Blockchain preserves NFTs security by preventing changes in data once added to the system. Moreover, the system makes copies of each transaction, so data remains safe from malicious actors.
Cons of NFTs
1. NFTs don’t generate income
The worst downfall of NFTs is their zero potential to generate income. NFTs work differently than dividend-paying stocks, interest-bearing bonds, and rent-generating real estate. The returns on NFTs depend on price appreciation of assets.
Dependency on price appreciation isn’t a sound investment technique and not something one should consider counting on to make money. It also makes NFTs highly unreliable and risky. Since NFT is still a new concept, investing too much risk into it would be inadvisable.
2. NFTs might promote perpetuating fraud
A highly concerning thing about NFTs is that people might use them to perpetuate fraud. Blockchain’s integrity is still questioned; hence, the chances of fraud through NFTs are high. For instance, people sell art as NFT without the original creator’s consent.
Such incidents violate the purpose of using NFTs instead of physical assets. Moreover, when NFTs cannot confirm the security of an artist’s work, they would naturally not prefer using digital assets over physical ones.
A more concerning issue arises when someone duplicates an electric image of someone else’s work and sells it on the marketplace. Experts have still been unable to develop practical solutions for these problems, making NFTs more troubling.
3. Inability of digitizing physical art
Physical art is a three-dimensional real-life object that you cannot transform into an NFT. NFTs are mere digital assets that only exist within the blockchain. Hence, there is no way to digitize real-world assets such as paintings and sculptures.

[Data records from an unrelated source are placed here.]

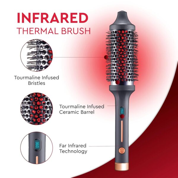 El cepillo térmico de infrarrojos cuenta con nuestras exclusivas tecnologías de calor saludable de infrarrojos lejanos (IR) y tecnologías iónicas, y un barril cerámico infusionado con turmalina que ofrece una experiencia revolucionaria de peinado en un solo paso. Las cerdas especializadas eliminan el encrespamiento y aseguran una transferencia uniforme del calor para dar un brillo hermoso y una sensación sedosa en todo momento. Simplemente cepilla el cabello para crear looks voluminosos y versátiles que siempre quedan hidratados, fuertes y revitalizados con un acabado brillante.
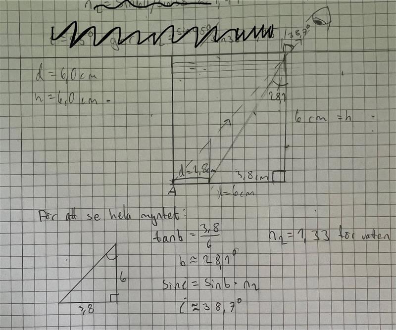 Ja, vinkeln 45 grader. och då fås brytningsvinkeln 32,1.. vilket är större än 28,1 grader vilket är vad brytningsvinkeln minst måste vara för att se hela myntet?
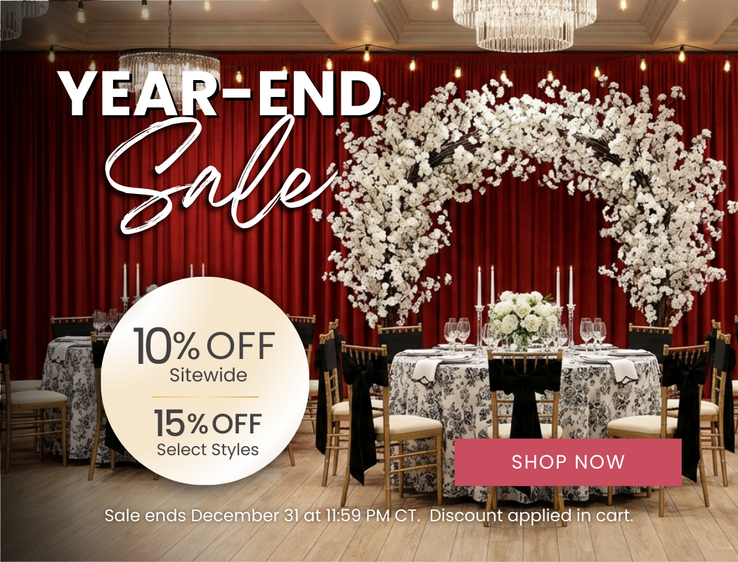 Since 2007, CV Linens remains one of the top wholesale event supply and specialty linen providers in the US. We carry an elegant line of event linens, from wholesale linen tablecloths and table runners to chair covers and chair sashes, as well as pipe and drape kits and event draping curtains. More than being a trustworthy linen tablecloths company in the US, we also provide a variety of party essentials, from floral decorations to table centerpieces and balloon supplies. CV Linens is your one-stop shop for all your event needs.

You can consider minting physical art and selling it as an NFT. However, the process is slow and highly unreliable since there is no set procedure. There is a possibility that it might cost you more than you can earn by selling your asset.
4. Blockchain harms the environment
Environmental impact is essential, and you must consider it while investing in different assets. Environmentally friendly investments play a pivotal role in enhancing a healthy lifestyle and making the planet a better place to live.
NFTs, however, do more harm than good for the environment. They use significant computing energy to create and record blockchain tokens. A recent study confirmed that blockchain is a highly energy-intensive technology, so much so that blockchain mining raised global warming by 2%.
NFTs are a transforming technology that has a lot to offer. They are captivating more and more attention every day, and an increasing number of people are leaning toward investing in NFTs. However, since the technology is still developing, you might have to make several compromises. Hence, don’t buy NFTs with the hopes of making profits. Instead, you can consider them as a long-term investment. There is no doubt that technology will revolutionize the global financial system. However, it will take time, and no one can say how long.